- Supplied data -
§ §
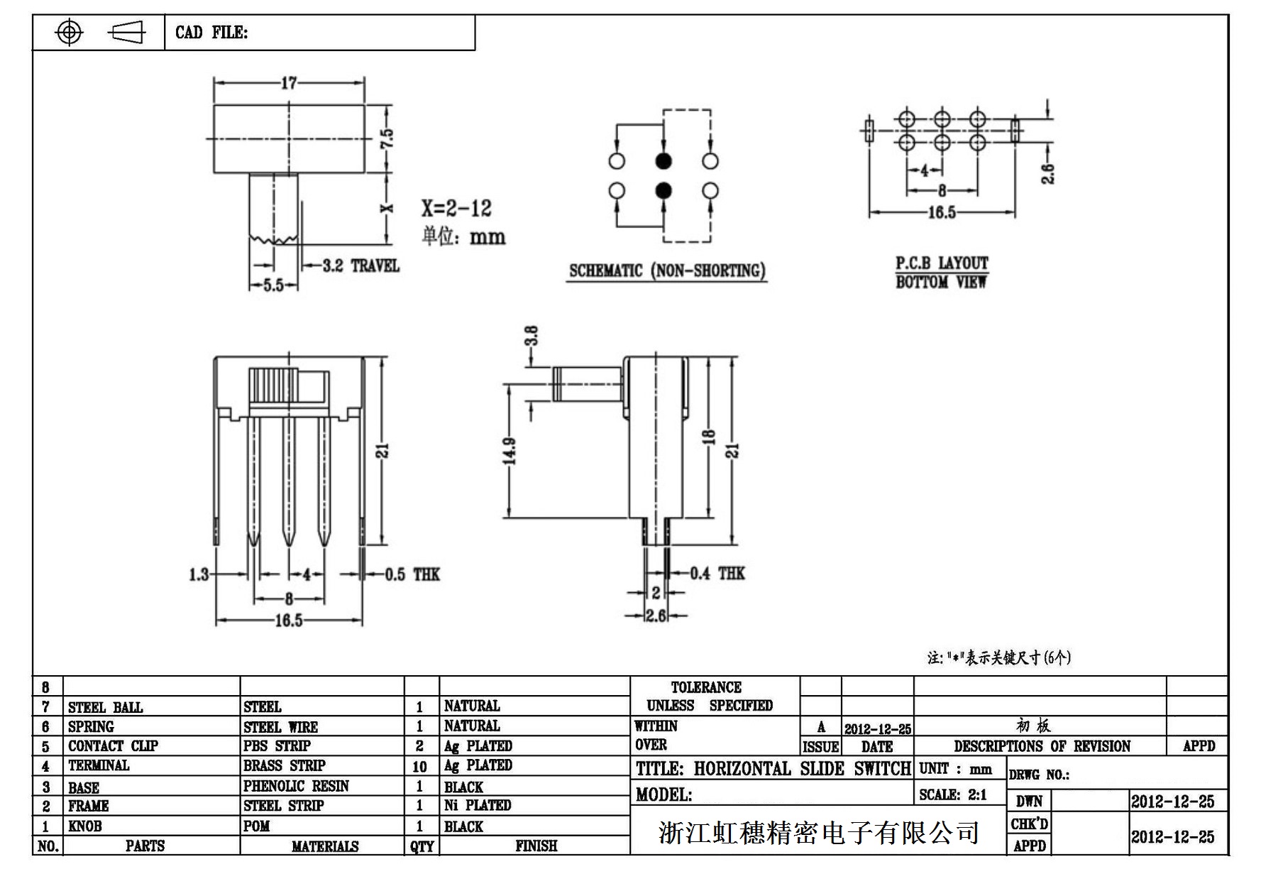 Horizontal toggle switch sidedial/horizontal slide switch technical indicators
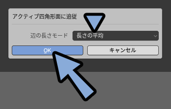 ・Uキー → アクティブ四角形面に追従 → 長さの平均で矩形状にできる
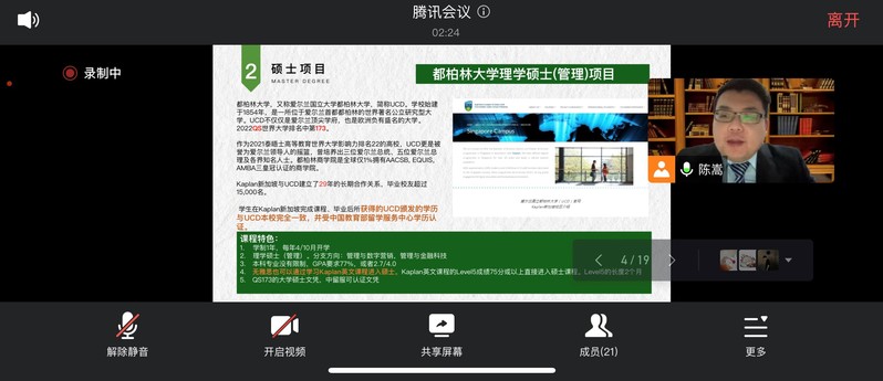 陈老师代表项目方对参会的贤达学生表达了欢迎之情。他首先分享了爱尔兰都柏林大学一年制硕士课程(新加坡在读)的课程设置和录取要求,针对同学们申请硕士项目需要做哪些准备给出了细致而周全的建议,并对研究生毕业后应该如何在海外找工作和办理工作签证等列出相应注意事项并做出详细解答。
§ §
- Exercise prompt -
Transcribe the data word for word, with no images.

- Result of this exercise -
 Horizontal toggle switch sidedial/horizontal slide switch technical indicators
 ・Uキー → アクティブ四角形面に追従 → 長さの平均で矩形状にできる
 陈老师代表项目方对参会的贤达学生表达了欢迎之情。他首先分享了爱尔兰都柏林大学一年制硕士课程(新加坡在读)的课程设置和录取要求,针对同学们申请硕士项目需要做哪些准备给出了细致而周全的建议,并对研究生毕业后应该如何在海外找工作和办理工作签证等列出相应注意事项并做出详细解答。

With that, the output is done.